10. Once the clock is out gently remove the second hand by pulling straight out.  I recommend using your fingernails if you can.  The paint on the face of the second hand is very delicate.  I pulled a little of the paint off using needlenose pliers and ended up having to repaint the face when I put it back together.  Once the second hand is off you can use needlenoses to pull off the minute then hour hand by pulling straight back.  Once the needles are off use a small screw driver to slightly bend out the 3 tabs holding the clock face on.  Only bend them just enough to remove the clock face.

(http://i80.photobucket.com/albums/j195/sdragon555/Img_0061.jpg)

11.  Once the clock face is off turn the unit over and again gently bend out the 3 tabs enough to seperate the clock housing.

(http://i80.photobucket.com/albums/j195/sdragon555/Img_0059.jpg)

12.  Once the unit is apart you can do quite a few things.  First drop a little 3 n 1 oil on the gears. Then you can test to see if the clock functions mechanically.  Do this by using your finger to move the contact indicated by the right arrow all the way to the right.  This will load the spring and if the unit is mechanically ok your clock will start to work !!.  If your clock is mechanically ok take a little fine grit sandpaper or something similar to clean the contacts up ( indicated by the two yellow arrows).  This is all you really need to do.  You can test the unit by hooking it up to your battery using jumper wires ( Black wire to the body, red to positive cable).  Once the unit has power to it what will happen is when the spring tension pulls the 2 contacts together and electrical charge will throw the right contact all the way to the right and the spring takes over again.

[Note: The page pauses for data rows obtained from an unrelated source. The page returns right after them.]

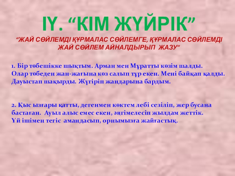 1. Бір төбешікке шықтым. Арман мен Мұратты көзім шалды.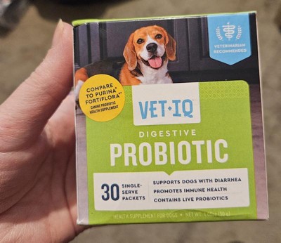 - Compare to the Leading Brand: Vet IQ™ Digestive Probiotic for Dogs is made with an active probiotic comparable to the leading brand, but at a price you’ll love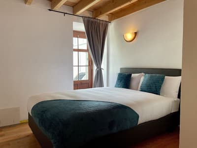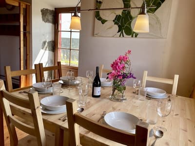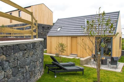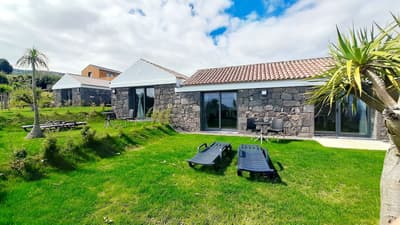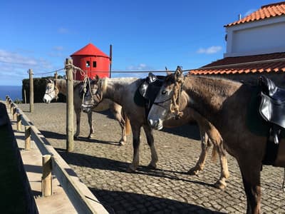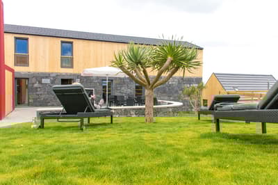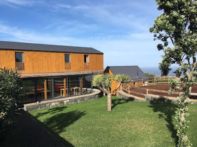 "Le vent du paradis souffle entre les oreilles d'un cheval" : si vous avez envie d'encadrer ce proverbe arabe glané sur Insta, c'est que vous êtes au bon endroit. Près du cercle parfait d'un petit manège à ciel ouvert, le Patio Ecolodge éparpille une dizaine de maisons aux façades en pierre ou en bois, aux toits de tuiles ou d'ardoise. Entouré d'herbe, de quelques haies et de murets, flanqué de son potager maison, ce hameau insulaire est la base parfaite pour récupérer après une journée d'aventure. Car dans ce lieu où l'environnement est une priorité, la vie au grand air est une passion ! À cheval donc (accessible aux débutants), ou à défaut à VTT (loué sur place) ou chaussé de vos chaussures de marche (ne les oubliez pas), vous serez au taquet pour partir explorer l'île de Faial côté nature. Pas de panique toutefois pour les fatigués, les flemmards ou les flippés qui trouvent les chevaux trop grands : le Patio Ecolodge dispose aussi d'un spa sympa, où vous pourrez buller en toute tranquillité. Et au pire, il y a même une coach de vie sur place. Qui sait, elle saura peut-être vous convaincre de monter enfin sur Oxicoco (Airelle en portugais), au lieu de contempler son portrait XXL au-dessus de votre lit.

(http://i80.photobucket.com/albums/j195/sdragon555/Img_0057.jpg)

13.  Reassembly is basically everything you did in reverse.  When you put the housing back together, and reinstall the face make sure you use needle noses or a screwdriver to pinch the tabs back closed tightly.

14. When you reinstall the hands set the time to 12:00 exactly. Just makes sure your hands will point to the right time when you put it all back together. 

And thats about it.  If I think of any steps I missed or other helpful tips I will make sure I add them.  If anyone has any questions just PM me.  I usually check the forum at least once a day. every other at the most.
Title: Re: How I fixed my clock.
Post by: Gold78Spc on May 23, 2007, 09:16:46 PM
Well thats par for the course for this type of clock but so far its only lost about 1 minute in 9 hours.  So if thats the case I can adjust the time every now and then.
Title: Re: How I fixed my clock.
Post by: Gold78Spc on May 23, 2007, 09:28:13 PM
I actually just tested it 4 times against a digital stopwatch.  It was .22, .50, .12, and .28 seconds behind for a 1 minute test.  Some of that error could be when I hit the button, so over all I think its pretty darn close and as good as you can expect from this clock.
Title: Re: How I fixed my clock.
Post by: Hitman on May 23, 2007, 10:08:05 PM
Nice tip to have.  Thanks for posting it.
Title: Re: How I fixed my clock.
Post by: wheels78ta on May 23, 2007, 10:11:52 PM
Excellent How-To on the clock, Brian...a lot of effort just to get it on here....but why do these clocks not keep good time?  Is there anything that can be done to help it keep better time?    :P
Title: Re: How I fixed my clock.
Post by: ta78w72 on May 23, 2007, 10:52:51 PM
Read the service manual.  There's a disclaimer about how hard it is to make a clock accurate.  Kind of funny.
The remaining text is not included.